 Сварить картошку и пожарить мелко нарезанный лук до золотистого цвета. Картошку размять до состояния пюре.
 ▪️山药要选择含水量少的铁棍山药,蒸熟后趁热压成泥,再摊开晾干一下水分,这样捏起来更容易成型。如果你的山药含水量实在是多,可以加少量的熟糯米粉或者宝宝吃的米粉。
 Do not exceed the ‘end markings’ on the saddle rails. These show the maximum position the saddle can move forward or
---
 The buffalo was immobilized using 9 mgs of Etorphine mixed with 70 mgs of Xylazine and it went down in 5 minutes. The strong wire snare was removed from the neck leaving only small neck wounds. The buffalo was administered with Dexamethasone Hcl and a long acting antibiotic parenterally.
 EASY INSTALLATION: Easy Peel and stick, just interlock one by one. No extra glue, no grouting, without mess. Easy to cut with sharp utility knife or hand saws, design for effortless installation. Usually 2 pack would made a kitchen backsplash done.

[TASK TO CARRY OUT] Go back to the listing above. Copy word for word the lines from the one with "Сварить картошку и" through the one with "Do not exceed", and nothing more.

[COMPLETED EXERCISE]
 Сварить картошку и пожарить мелко нарезанный лук до золотистого цвета. Картошку размять до состояния пюре.
 ▪️山药要选择含水量少的铁棍山药,蒸熟后趁热压成泥,再摊开晾干一下水分,这样捏起来更容易成型。如果你的山药含水量实在是多,可以加少量的熟糯米粉或者宝宝吃的米粉。
 Do not exceed the ‘end markings’ on the saddle rails. These show the maximum position the saddle can move forward or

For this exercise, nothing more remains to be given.